So, the possibly confusing thing is that sklearn objects may represent a "pure specification" (b), but also a highly stateful object (c). What separates "specification" from "stateful" is not the class/object boundary, but the fitted/unfitted boundary.

Specifications are fine, and desired as input to benchmarking, as conceptually they are the medium of reproducibility and repelicability. So, (a) and (b) are fine and desired. (c) is not.

Coming back to the argumentation: I think you missed that, conceptually, the (b) type objects are "specification-like", and were thinking that all objects (as opposed to classes) were "non-specification-like".

fkiraly commented 2 years ago

So, as a design consequence, my preferred design has these properties:

it should be fine to pass (a) type objects or (b) type objects to benchmarking experiments.
if (a) is passed, it should be initialized with defaults to obtain an object of type (b)
if an object of type (c) is passed, it should be cloned, to obtain an object of type (b)

The type change diagram looks like this:

__init__: (a) -> (b), new object fit: (b) -> (c), same object reset: (c) -> (b), same object clone: (c) -> (b), new object type: (c), (b) -> (a), new object (unique class)

fkiraly commented 2 years ago

Re memory use: (b) type objects typically occupy minimal memory, since all they contain is the information of "which class" and "which parameter values". (c) type objects can have arbitrary size, and have the problem that you describe (but I don't want those, see above).

fkiraly commented 2 years ago

PS: since you are referencing gym.env: the "sklearn-like" counterpart for reinforcement learning, with the design as above, is stable-baselines3 which provides algorithms at a unified interface.

fkiraly commented 2 years ago

sktime examples for (a), (b), (c):

from sktime.datasets import load_airline
from sktime.forecasting.naive import NaiveForecaster  # NaiveForecaster is type (a)

y = load_airline()
forecaster = NaiveForecaster(strategy="drift")  # forecaster object is type (b)
forecaster.fit(y)  # after fitting, it changes into type (c)

blueprint = forecaster.clone()  # after calling clone on an object, it produces a different object of type (b)
forecaster.reset()  # alternatively, call reset, which reverts forecaster itself to type (b)

TNTran92 commented 2 years ago

Possible next steps (if #2977 merged):
* implement storing estimator predictions

* implement computing metrics and cross-estimator analyses based on stored predictions

* implement other types of benchmarks:

  * Classification
  * others?

* M4

* Bakeoff

* Benchmarking docs need updating for this new functionality?
@TNTran92 any of these you want to go for?
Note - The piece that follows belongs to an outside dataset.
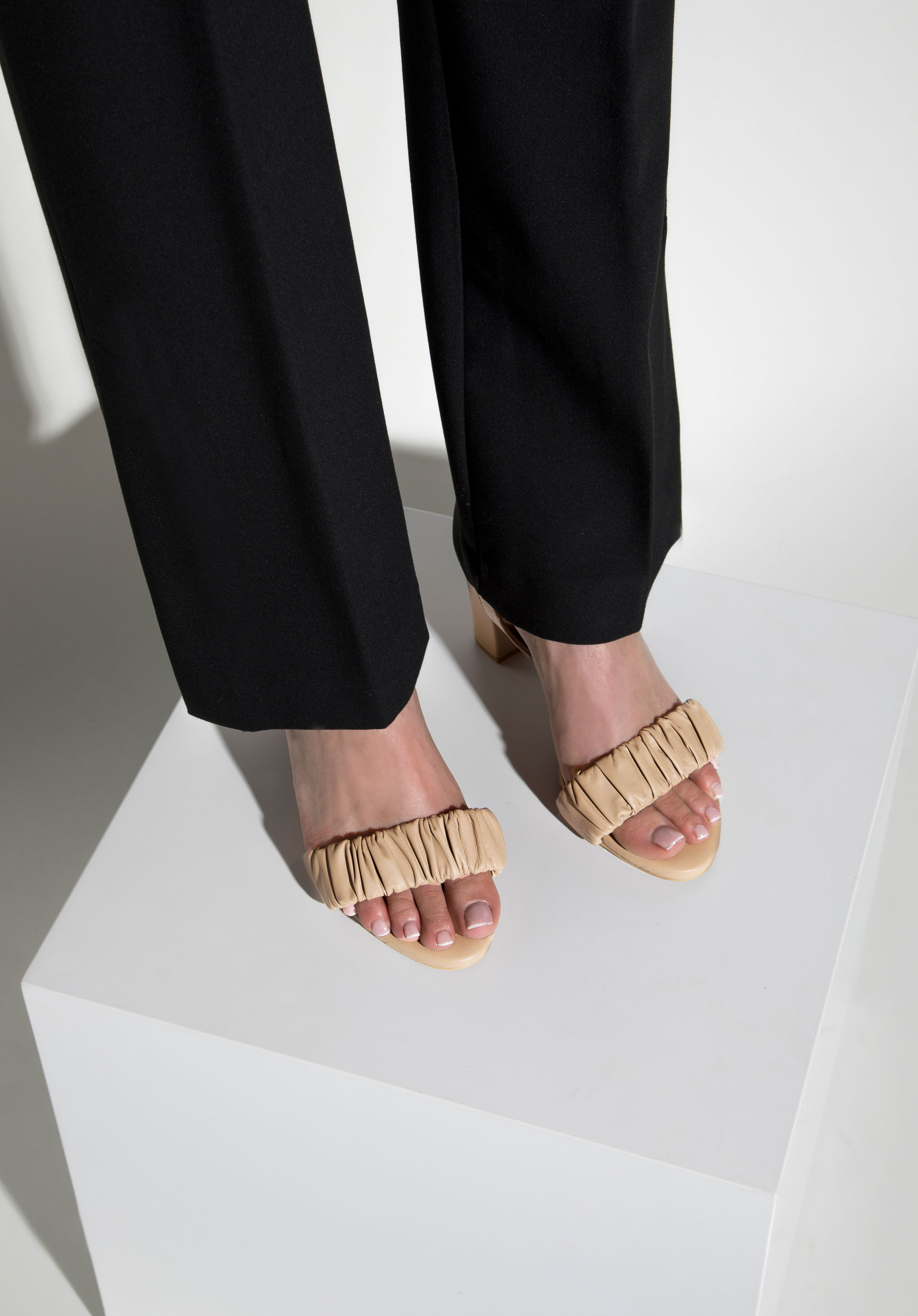 Aceste sandale elegante de dama sunt un accesoriu unic pentru orice ocazie festiva. Au fost fabricate în Polonia din piele naturală de înaltă calitate, datorită căreia vă vor servi mulți ani. Fața șifonată este un decor original și foarte la modă. Bretelele subțiri cu cataramă sunt practice și în același timp delicate, astfel încât îți vor menține confortabil piciorul pe loc. Tocul este destul de înalt , dar confortabil: îți va subțire silueta frumos și îți va permite să mergi în acești pantofi multe ore. Puteți purta acest model modelat cu o rochie aerisită și blugi cu jachetă. Sandalele de damă din piele șifonată cu stâlp sunt un accesoriu feminin pentru orice ocazie specială.

Classification benchmark implementation maybe?

Sure, I will take the classification one

DBCerigo commented 2 years ago

@fkiraly thanks for the precise and thorough putting across of your thoughts. They're very helpful.
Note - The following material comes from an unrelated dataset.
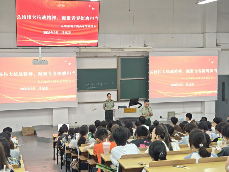 “为什么我是 9 月份入伍?” 分享开篇,吕远崟以提问引发同学们思考,随后详解我国征兵政策变迁。他结合自己2022年两次报名终获入伍资格的经历,让枯燥的制度知识变得鲜活。谈及刚举行的纪念抗战胜利 80 周年大会与九三阅兵。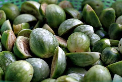 Cà đắng vốn là loại cà mọc dại. Sau được người dân đem về trồng và tạo ra một giống cà đắng ít đắng hơn. Cà có quả thon dài, trái có vằn dọc trắng xanh như trái dưa. Vị cà đắng đăng đắng như khổ qua rừng rất hấp dẫn. Người trong buôn thường dùng cà để nấu canh, kho cá khô hoặc kho tép. Món ăn nào cũng đặc trưng vị đắng, vị cay khiến ai ăn một lần cũng muốn dùng nữa.

We discussed and had a think through some solutions. The most compelling argument for us is that original thrust and attempt for the implementation which was "interface to use only sktime/sklearn objects and interfaces", and we think we've found a good solution which is inline with your preferences for the interface and achieves that original goal further.
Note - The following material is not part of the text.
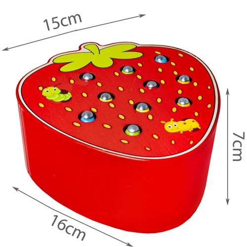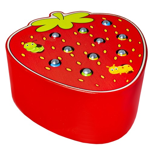 Aseta maasikas tasasele pinnale ja kasuta magnetiga pulka, et püüda augus peituvad ussikesed välja. Seejärel aseta need tagasi oma pesadesse – harjutus, mis treenib täpsust ja rahulikku tegutsemist.

I've implemented our proposed change: see commit [ENH] Make benchmarking interface take instances in #2977 The summary is:

changed estimator_entrypoint: Type[BaseEstimator] to estimator: BaseEstimator
removed estimator_kwargs entirely
we get and pass estimator.clone to kotsu as the entry point it will use

We believe this achieves the following:

achieves "interface to use only sktime/sklearn objects" significantly more successfully
simplifies and makes more intuitive the interface for users
as per your labelling above; enables users to register b) and c), doesn't allow a) to be registered
- note that disallowing a) was a conscious choice - we didn't think the extra functionality was worth the extra complexity/choice for the user or the extra code complexity, when an a) can become a b) with just ()
ensures and protects users from estimators used in benchmarking from leaking information or state between runs and invaliding the benchmarking, while still allowing an easy intuitive interface for them to use

We look forward to hearing what you think. Thanks again for pushing on it - we think it is much improved for it. So of course do push again if/as you think it has further to go.

[edit: change commit link to PR link with commit message, as more stable reference]

fkiraly commented 2 years ago

@DBCerigo, I looked at the changes - I'd be happy with this, nice!

Disallowing (a) is one of many sensible choices imo, because there might not be a clear way to get defaults for parameters that do not have them. create_test_instance is one, but that's not necessarily the "best default", only a test default, and might be confusing for the user.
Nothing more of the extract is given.